What the exercise asks> Please return only the lines between the line with "Description: A woman" and the final line of the entries, both included, and exclude pictures.

(Items from a dataset)

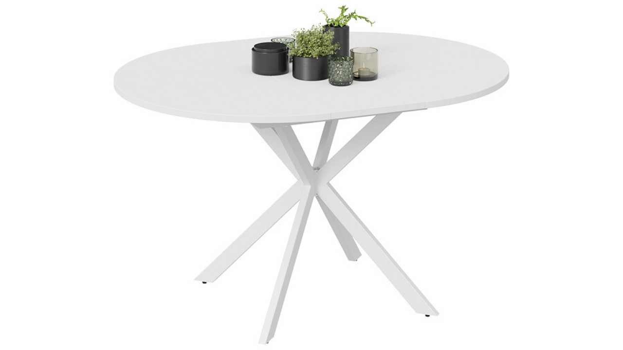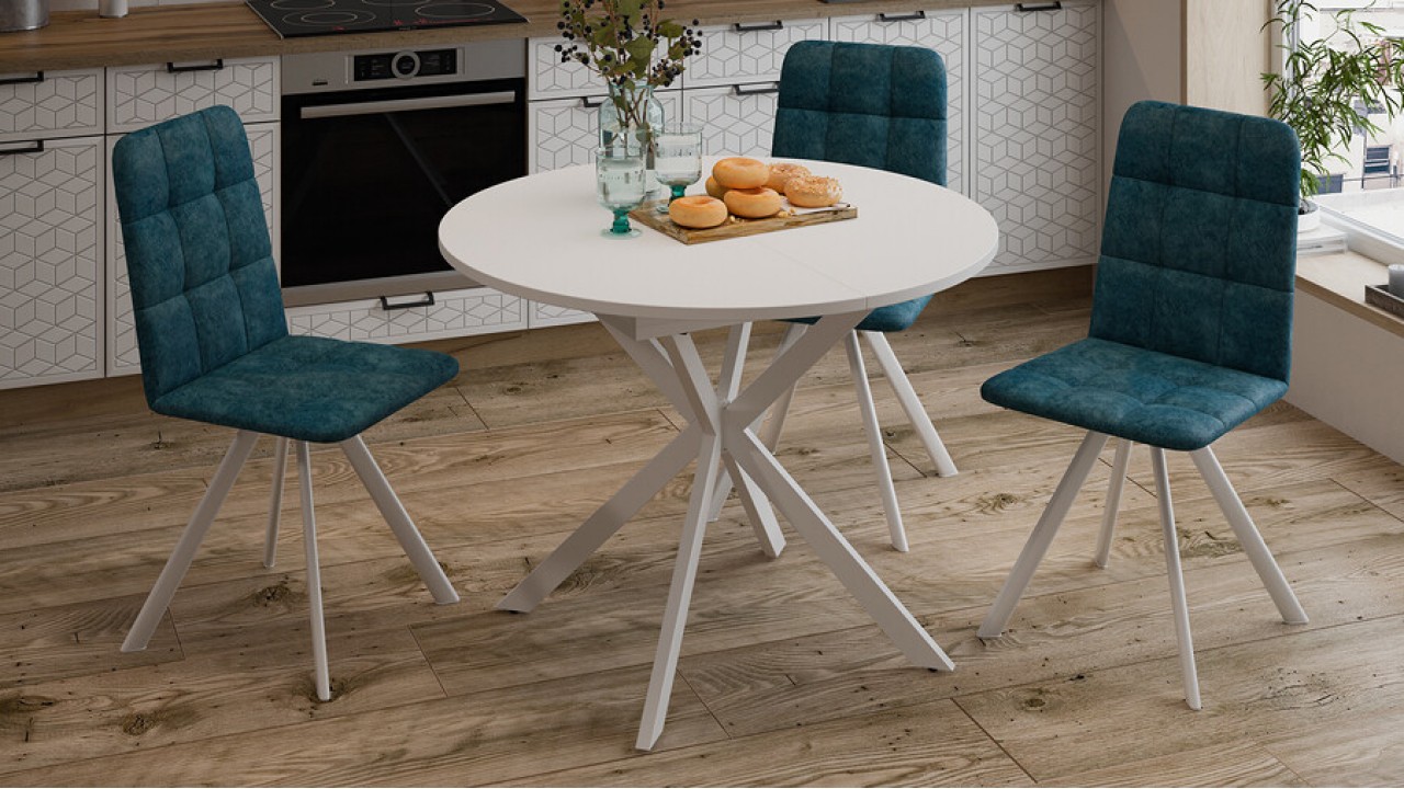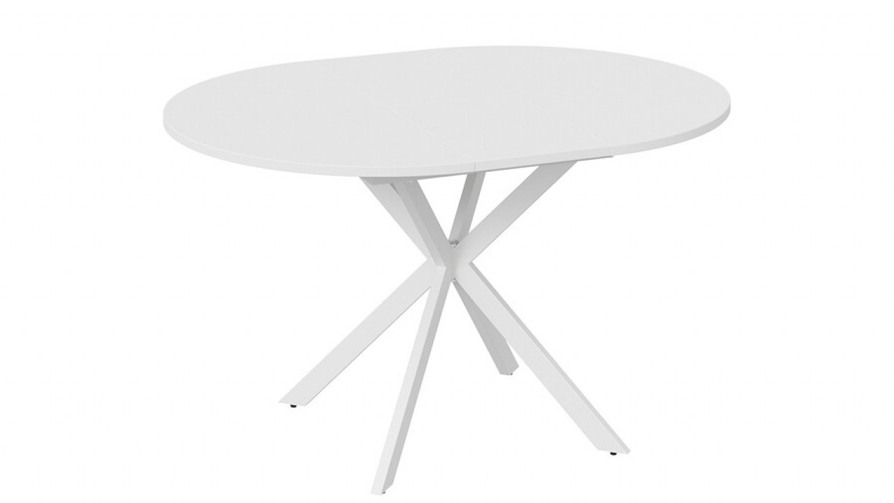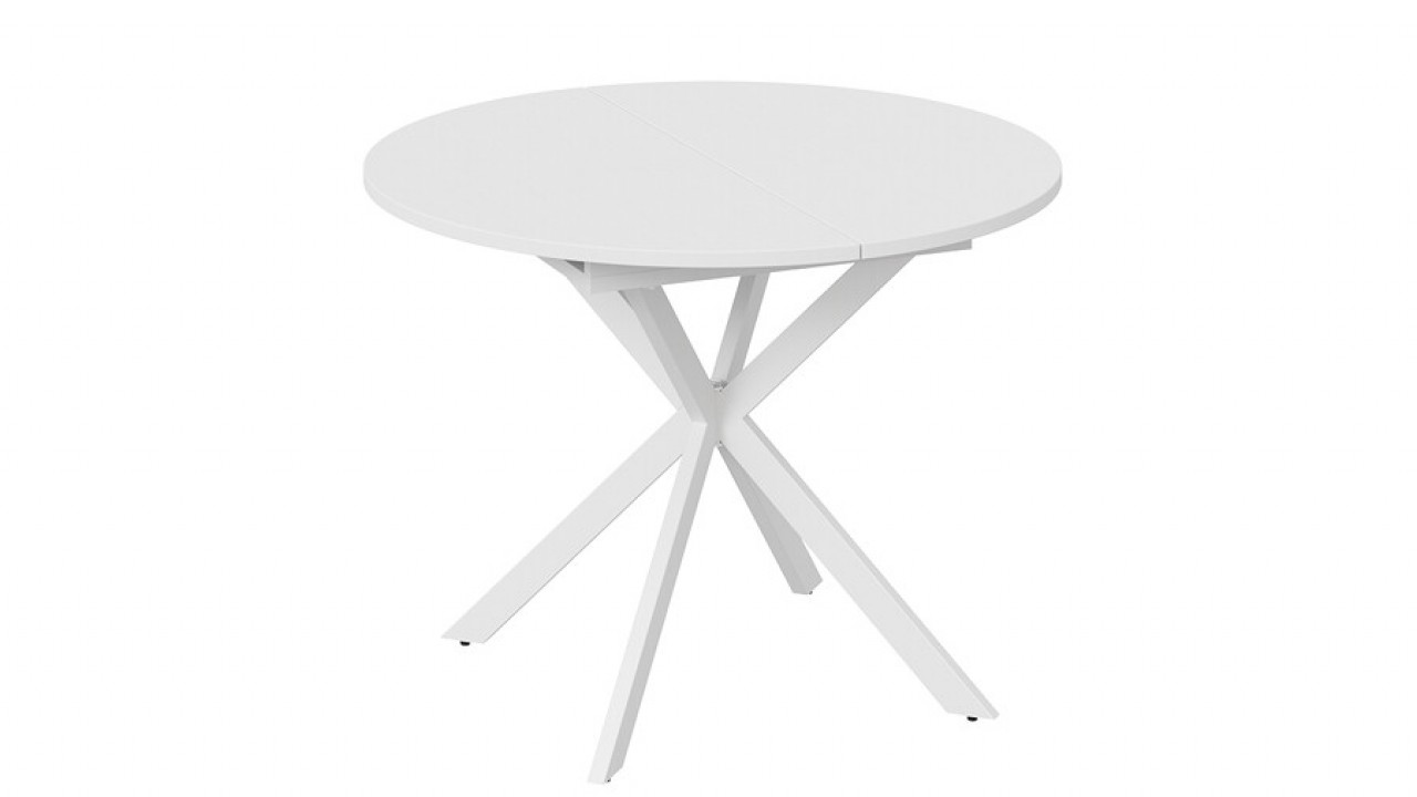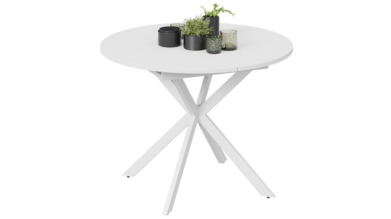 Стильный дизайн. Круглый обеденный стол на перекрещенных ножках смотрится изящно, лаконично и ненавязчиво в любом интерьере. Столешница выполнена из ЛДСП 22 мм. Яркая особенность — это опоры из металла, которые смотрятся привлекательно и стильно. Ножки окрашены порошковой краской в цвета «Белый муар» и «Черный муар».
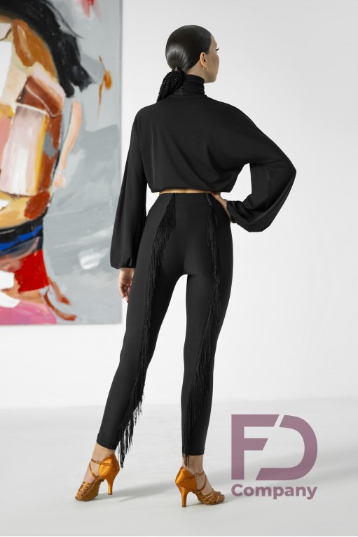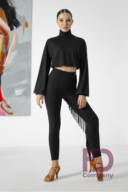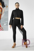 Описание товараТоп женский, с высоким горлом и широкими рукавами на манжетах для латинской программы. Топ с резинкой под грудью, шириной 2 и 3 см. Изделие выполнено из трикотажа масло.
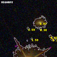 Black segments are analyzed here. Roll mouse over color images to view segments. Best viewed in a wide browser window (1200 pixels or more). Download SED & P(z) plots to view larger versions.
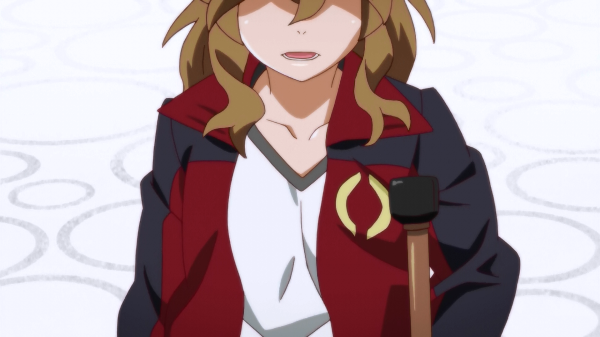 Description: A woman with long hair and a red jacket is standing in front of a white wall with circles on it.
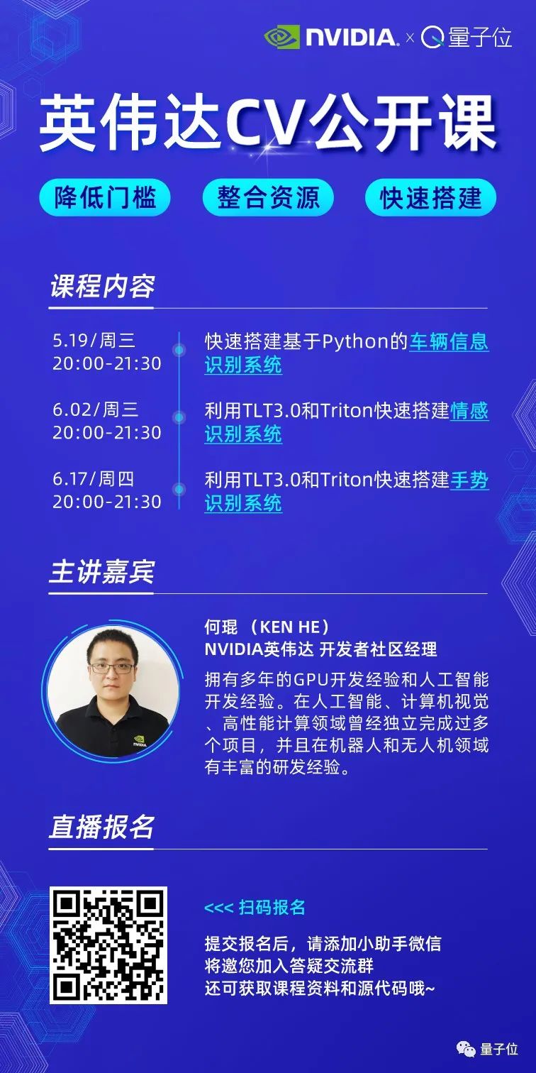 如何快速成为图像识别大神?英伟达专家手把手教你快速搭建AI模型并实现预训练、部署应用。理论+实战,开箱即用,欢迎扫码免费报名直播:
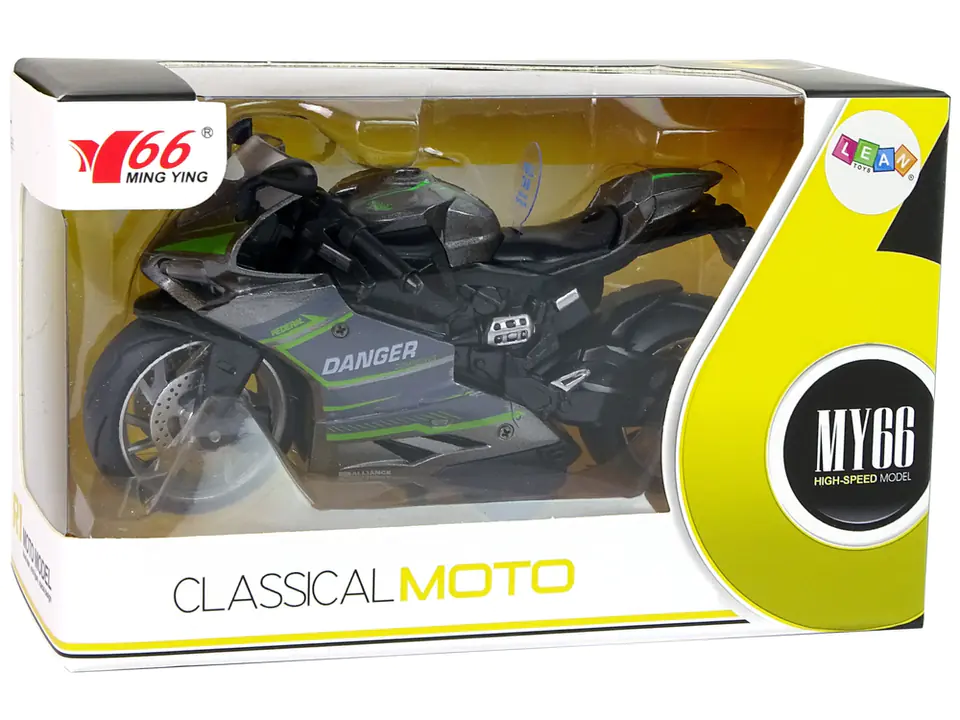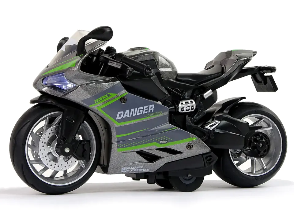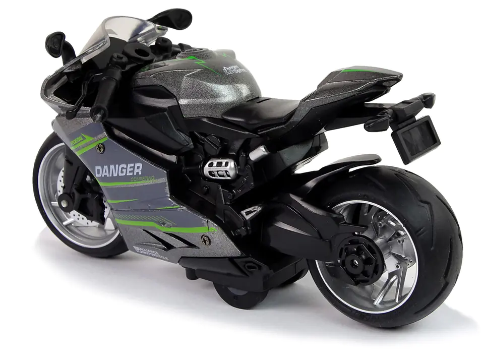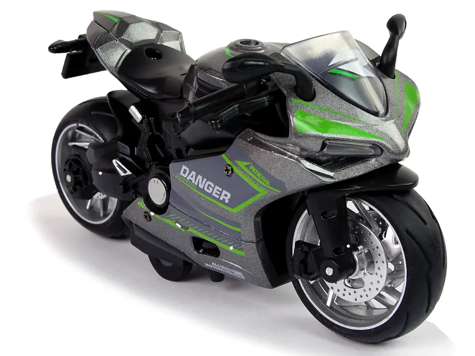 Motocykl Sportowy Szary Zielony Pasy 1:12 Napęd Pull-Back Dźwięk Światła
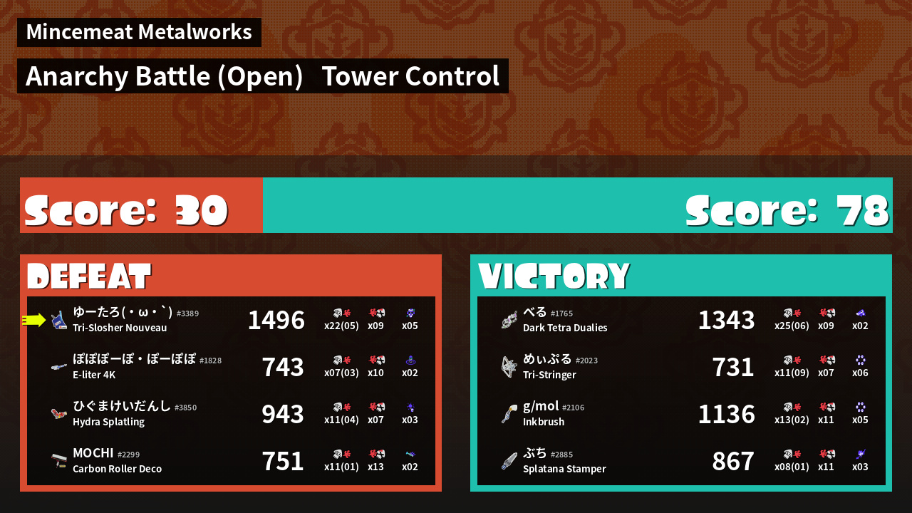 | Mode | Tower Control - Anarchy Battle (Open) | ||

Reply>
 Description: A woman with long hair and a red jacket is standing in front of a white wall with circles on it.
 如何快速成为图像识别大神?英伟达专家手把手教你快速搭建AI模型并实现预训练、部署应用。理论+实战,开箱即用,欢迎扫码免费报名直播:
 Motocykl Sportowy Szary Zielony Pasy 1:12 Napęd Pull-Back Dźwięk Światła
 | Mode | Tower Control - Anarchy Battle (Open) | ||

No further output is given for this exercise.